Tom Brady has become one of the most underrated players in the NFL


How has it come to this? Have we really reached the point where Tom Brady is no longer an elite quarterback?

The answer is no, but there are seemingly plenty of people who would tell you otherwise.

Brady may be 36, he may have had a down year – though that’s debatable – and he may not be as good as he was seven or eight years ago, but he’s still Tom freakin’ Brady.

We like to treat quarterbacks as gods, who can turn trashcans into all-pro receivers, but that’s not fair.
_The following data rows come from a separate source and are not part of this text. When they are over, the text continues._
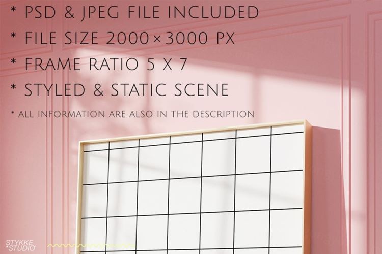 您可以在矩形框架模型中放置以下比例的艺术品: 5x7 垂直方向 这意味着您可以添加 2,5 x 3,5 英寸、5x7 英寸、10x14 英寸、20x28 厘米等尺寸的设计
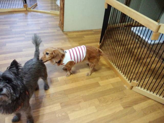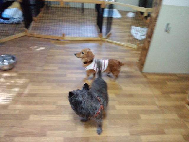 ミニピンのチーズちゃん、キャバリアのさくらちゃんチェックインしました。
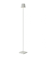 特徴的なプリーツシェードを備えた屋外用フロアランプ。大型充電バッテリーで最大12時間コードレスで使用できます。照明器具のシェードにあるタッチセンサーで連続調光できます。

Brady was dealt a bad hand last season, and even the all-mighty Peyton Manning couldn’t have done much better.

The biggest knock against Brady was that his competition percentage had taken a significant dip. At 60.5 percent, it was his lowest since 2003 – a year in which he won the Super Bowl. Now, there’s no denying that Brady’s statistics were somewhat lackluster, but his receivers gave him very little help.

New England was second in the league with a 6.6 percent drop rate, amounting to 41 drops all year. But say the Patriots had managed to be league average when it came to drops, at right around 26, then Brady’s completion percentage would have jumped up to 63.4 percent, right at his career average.
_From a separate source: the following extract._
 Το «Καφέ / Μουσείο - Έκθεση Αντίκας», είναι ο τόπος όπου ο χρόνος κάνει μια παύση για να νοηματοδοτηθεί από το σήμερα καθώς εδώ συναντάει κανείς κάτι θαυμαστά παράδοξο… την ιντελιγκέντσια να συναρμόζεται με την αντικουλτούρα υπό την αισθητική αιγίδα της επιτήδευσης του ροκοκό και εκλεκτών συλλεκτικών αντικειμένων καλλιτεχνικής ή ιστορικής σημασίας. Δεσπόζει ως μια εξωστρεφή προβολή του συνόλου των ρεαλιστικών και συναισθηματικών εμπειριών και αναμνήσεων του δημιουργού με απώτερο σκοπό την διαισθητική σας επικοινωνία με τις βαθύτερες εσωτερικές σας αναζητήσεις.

In 2013, Brady had nothing. Well, that’s not entirely true; Brady did have Julian Edelman, a receiver who actually had more tackles than receptions over the course of the previous three years. To be fair, I’ve always liked Edelman, but does anybody really think his 105 receptions were a product of his untapped talent? No! It was Brady. Brady is the one who turned the former quarterback/cornerback/return man into Wes Welker part two.
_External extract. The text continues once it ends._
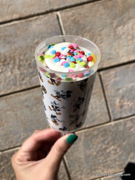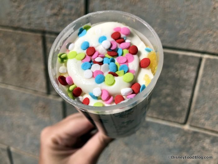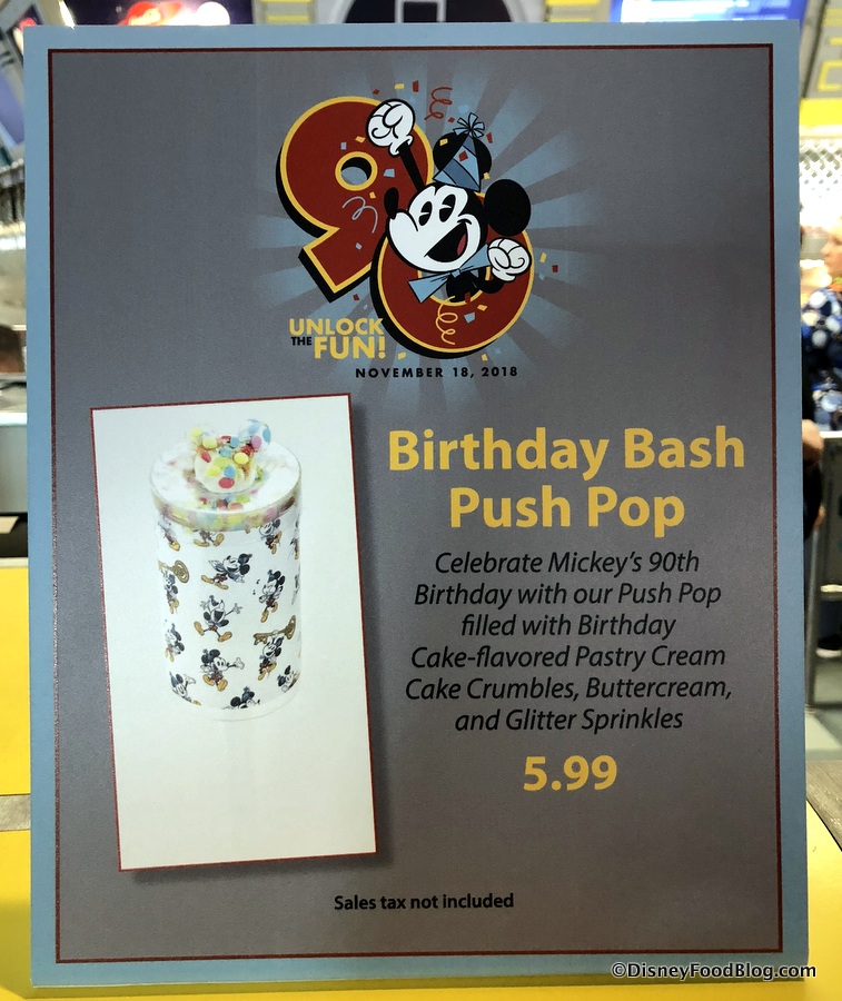 You’ll find the Birthday Bash Push Pop at Cosmic Ray’s Starlight Café, Pinocchio Village Haus, Pecos Bill Tall Tale Inn & Café, and Columbia Harbour House.

That said, Edelman was really the only receiver Brady had left from the 2012 season. Just think of who Brady was missing: Aaron Hernandez was in jail, Wes Welker was in Denver and both Rob Gronkowski and Shane Vereen missed at least half the season with injury. Those guys accounted for 90 percent of Brady’s completions in 2012, and in 2013, he had to play, for the most part, without them.

And what happened when Brady had someone like Gronk to throw to? Well, from weeks 7 to 12 (games in which Gronk was fully healthy), the Patriots averaged 32 points per game, re-solidifiying themselves as a top-five offense, and Brady threw for 298 yards, with a 64.6 percent completion rate, a game, .

Brady may not be the best quarterback in the NFL anymore, maybe not even the second best, but there is no doubt that he is still an elite passer. Underestimate him if you want, but remember that he was still just one win away from reaching the Super Bowl for a sixth time last year.